Just before I left Australia I was unfortunately part of an elaborate "Airport-Run" disaster. Miscommunication, poor time management and general 'Barnett' vagueness were all to blame. Without boring you with the details - based on someone else's instructions I diligently arrived at the airport one morning only to find that no loved one got off the plane.

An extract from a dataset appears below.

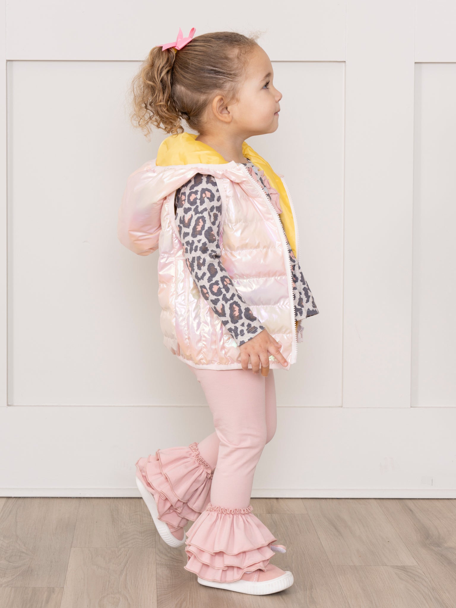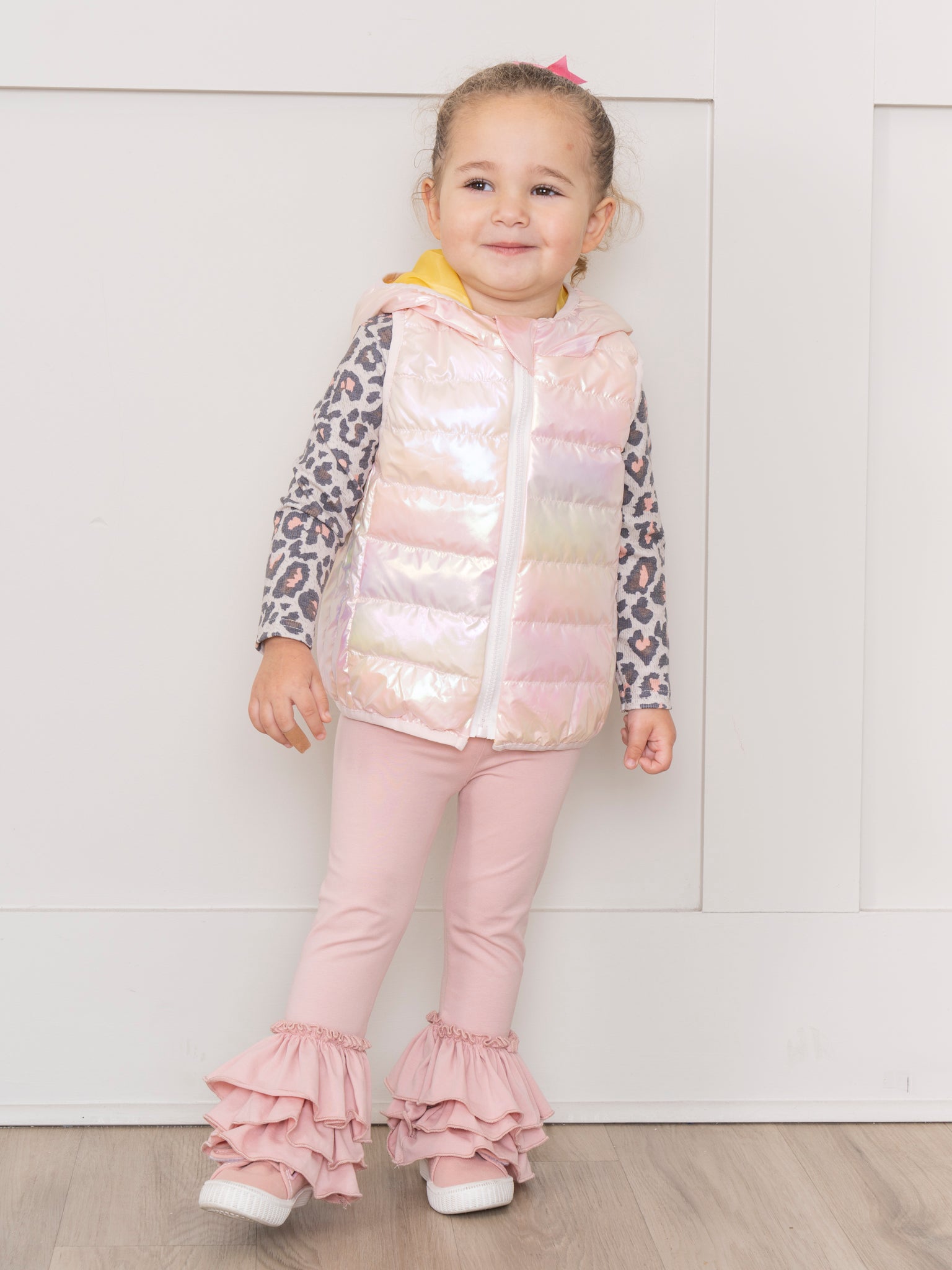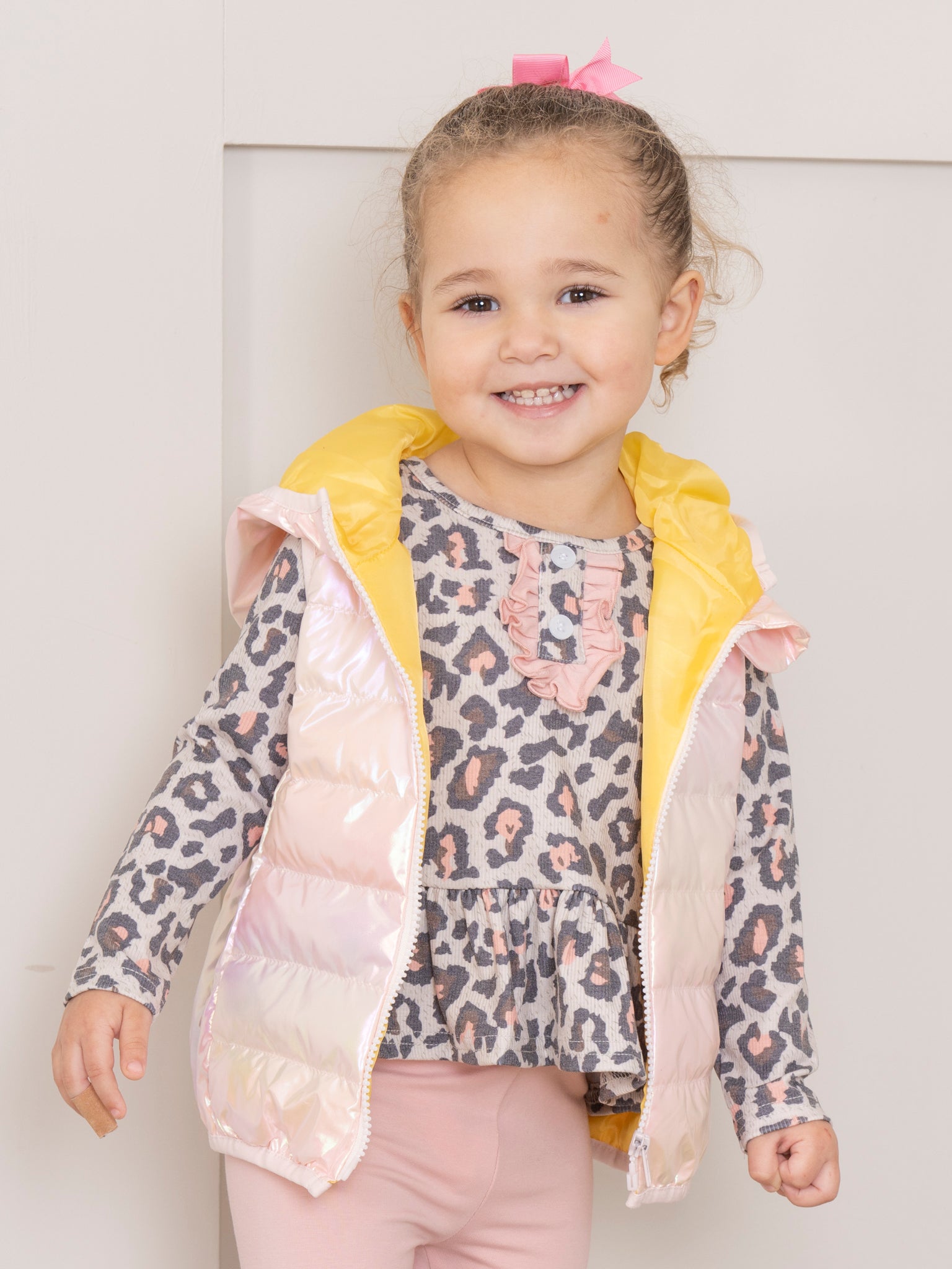 Elevate her winter wardrobe with our Girls' Hooded Iridescent Puffer Vest! ✨ This trendy vest adds a touch of sparkle to chilly days, featuring a shimmery iridescent finish that captures attention effortlessly. Perfect for layering, it's a stylish choice to keep her warm while shining bright through the season!

An hour and a half and several phone calls later I was to discover that I was 12 hours early - the person in question was arriving at 1930, not 0730.

This event has prompted our family to come up with an "Airpot Contingency Plan" - which encompasses amongst other things, the direction in which we exit through customs and a designated meeting place that can be translated across different airports. Whilst this may seem a little OCD I was reminded of the relevance of these rules when I got off the plane in Boston yesterday. Heather-Jean and Don Wheeler (my Boston "host family") had very kindly agreed to pick me up from the airport. The flight was confirmed, the plane was on time, I sailed through customs and then... no one was there! Heather was no where to be found! Perplexed I waited - perhaps there was traffic? Time passed and I gradually became more concerned about the passing of time and what I should do. After what seemed ages, but was really only a little while, Heather and I did eventually find each other. She had also been waiting and watching the Arrivals door patiently (and then impatiently) for a good while. As it turned out we had been only 2 metres away from each other but it took the clearing of the arrivals hall before we spotted each other. If only we had had a Contingency Plan!

As well as picking me up from the Airport, Heather, Don and Adriana also very kindly took me to Target for some "essentials" and then cooked me dinner before taking me back to my apartment. All of this topped off with this gorgeous "welcome" pack - tea, coffee, yummy new england cookies and lots of other little tit-bits to carry me through the first few days in a new city. Thank-you!
Just quickly for those who heard me talk about my apartment many, many times before I left Australia, here is the view I woke up to this morning. That's my window!
And Sunset tonight!
I think I'm going to like living here!

19.8.08

Tuesday Travel Tips - People in Unexpected Places

I've been in London almost 10 days and almost everyday for the first week made attempts to catch up with friends from uni who were staying in Kent.  Try as we might, our schedules never quite aligned and whilst I fly into Dublin tomorrow on my way to Boston (!), they leave to head back to London.  Ditto for a friend from the Women's who is currently moving between Ireland and London.  Trying to make arrangements to see people seemed to be getting the better of me.  

No matter, content to be entertained by Clare and Shane who have generously leant me their 'couch' for the week, I found myself strolling through Portabello market in Notting Hill on Saturday morning.  Maybe it was a mutual love of chocolate brownies, but Tess and I almost literally bumped into each other at the pastry stall.  I didn't even know Tess and Mike had left Australia yet - they were in London for 4 days before heading to Turkey for a sailing trip with other Royal Melbourne friends.  A great chance meeting, and an excuse to have lunch out.

Another chance encounter on Sunday.  A fairly well organised breakfast catch-up with Lucy Forbes who has been living the expat life in London for the last 18 months.  It was great to see her and Louise, another ex-RMH person from Intern days!